**Work to complete**. Print the whole listing below exactly, skipping every picture.

**Data below**.
BEGIN

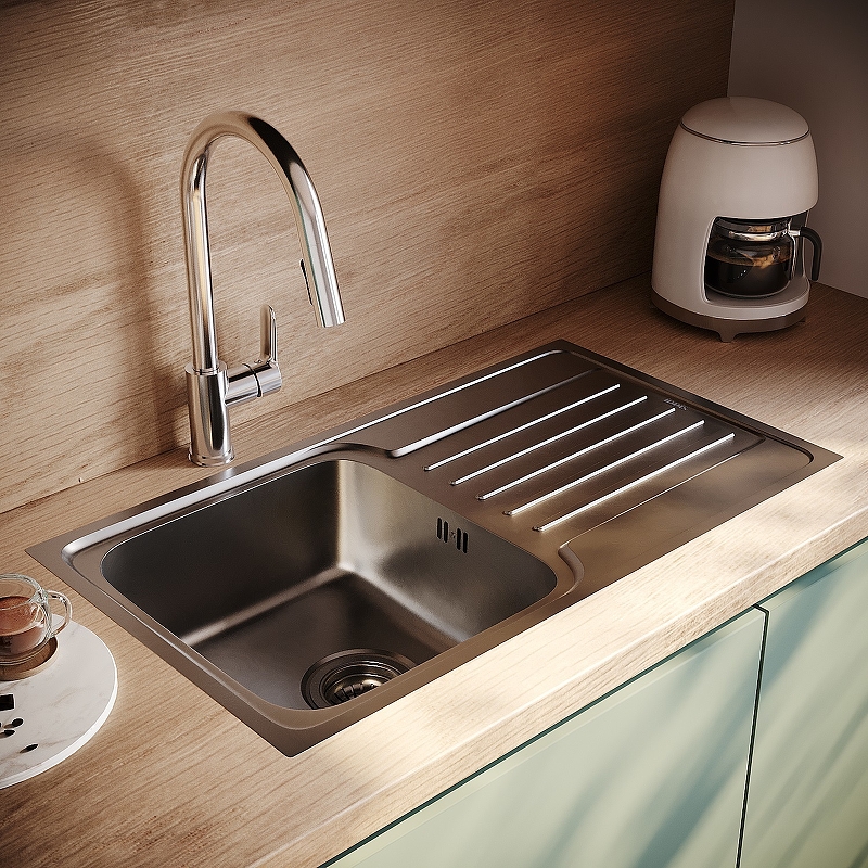 • Имеет текстуру с эффектом шелковой поверхности благодаря специальной обработке стали. Это придает мойке современный технологичный вид.
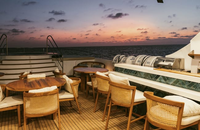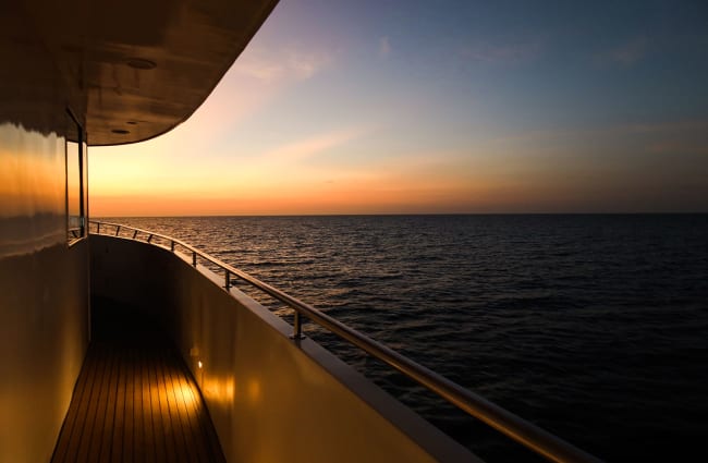 To nurture your mind and body, the boat offers a Fitness Temple, Wellness Retreat, and a spa. With your mind at peace, it’s time to jump into some watersports with the ever popular inflatable waterslide from the top deck and the floating, netted pool deck to the rear, which allows for safe ocean swimming without the fear of sea creatures nibbling you. There’s also wetsuits, fins, snorkel masks, paddle boards, kayaks, and Seabobs mounted with cameras for you use. Scuba diving, although not included as standard, is also available upon request.
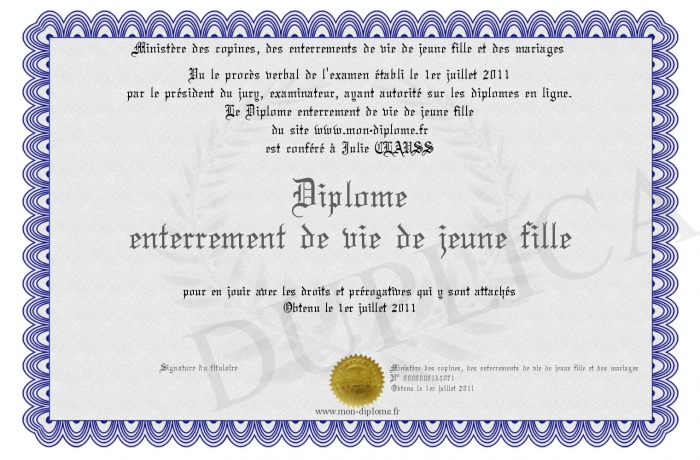 Envoyez par email votre Diplome enterrement de vie de jeune fille personalisé

END

**Task output**.
 • Имеет текстуру с эффектом шелковой поверхности благодаря специальной обработке стали. Это придает мойке современный технологичный вид.
 To nurture your mind and body, the boat offers a Fitness Temple, Wellness Retreat, and a spa. With your mind at peace, it’s time to jump into some watersports with the ever popular inflatable waterslide from the top deck and the floating, netted pool deck to the rear, which allows for safe ocean swimming without the fear of sea creatures nibbling you. There’s also wetsuits, fins, snorkel masks, paddle boards, kayaks, and Seabobs mounted with cameras for you use. Scuba diving, although not included as standard, is also available upon request.
 Envoyez par email votre Diplome enterrement de vie de jeune fille personalisé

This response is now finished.